→ **What you are asked to do**:
When you reach the line that contains "Each of these" in the data below, start reproducing lines exactly, and stop after the line that contains "Red Ware . |".

→ **Exercise input**:
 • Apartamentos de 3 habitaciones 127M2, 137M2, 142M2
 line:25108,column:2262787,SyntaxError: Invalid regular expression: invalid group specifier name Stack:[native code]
* * *
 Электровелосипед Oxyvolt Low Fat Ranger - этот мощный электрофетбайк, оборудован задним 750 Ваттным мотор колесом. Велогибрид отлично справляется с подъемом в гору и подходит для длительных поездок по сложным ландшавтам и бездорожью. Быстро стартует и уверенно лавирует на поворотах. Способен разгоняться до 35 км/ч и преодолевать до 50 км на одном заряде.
--
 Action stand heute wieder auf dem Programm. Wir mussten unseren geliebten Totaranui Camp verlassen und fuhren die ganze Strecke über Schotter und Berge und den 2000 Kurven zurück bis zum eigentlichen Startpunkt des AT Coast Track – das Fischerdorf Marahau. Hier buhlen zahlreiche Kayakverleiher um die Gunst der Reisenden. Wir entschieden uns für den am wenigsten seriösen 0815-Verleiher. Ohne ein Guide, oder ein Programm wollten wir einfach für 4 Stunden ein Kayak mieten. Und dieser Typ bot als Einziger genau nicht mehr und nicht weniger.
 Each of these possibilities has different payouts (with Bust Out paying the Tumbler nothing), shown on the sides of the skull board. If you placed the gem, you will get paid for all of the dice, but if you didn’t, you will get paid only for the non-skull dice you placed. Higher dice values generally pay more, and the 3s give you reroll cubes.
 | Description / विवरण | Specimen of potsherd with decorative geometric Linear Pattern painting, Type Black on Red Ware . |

→ **Finished task**:
 Each of these possibilities has different payouts (with Bust Out paying the Tumbler nothing), shown on the sides of the skull board. If you placed the gem, you will get paid for all of the dice, but if you didn’t, you will get paid only for the non-skull dice you placed. Higher dice values generally pay more, and the 3s give you reroll cubes.
 | Description / विवरण | Specimen of potsherd with decorative geometric Linear Pattern painting, Type Black on Red Ware . |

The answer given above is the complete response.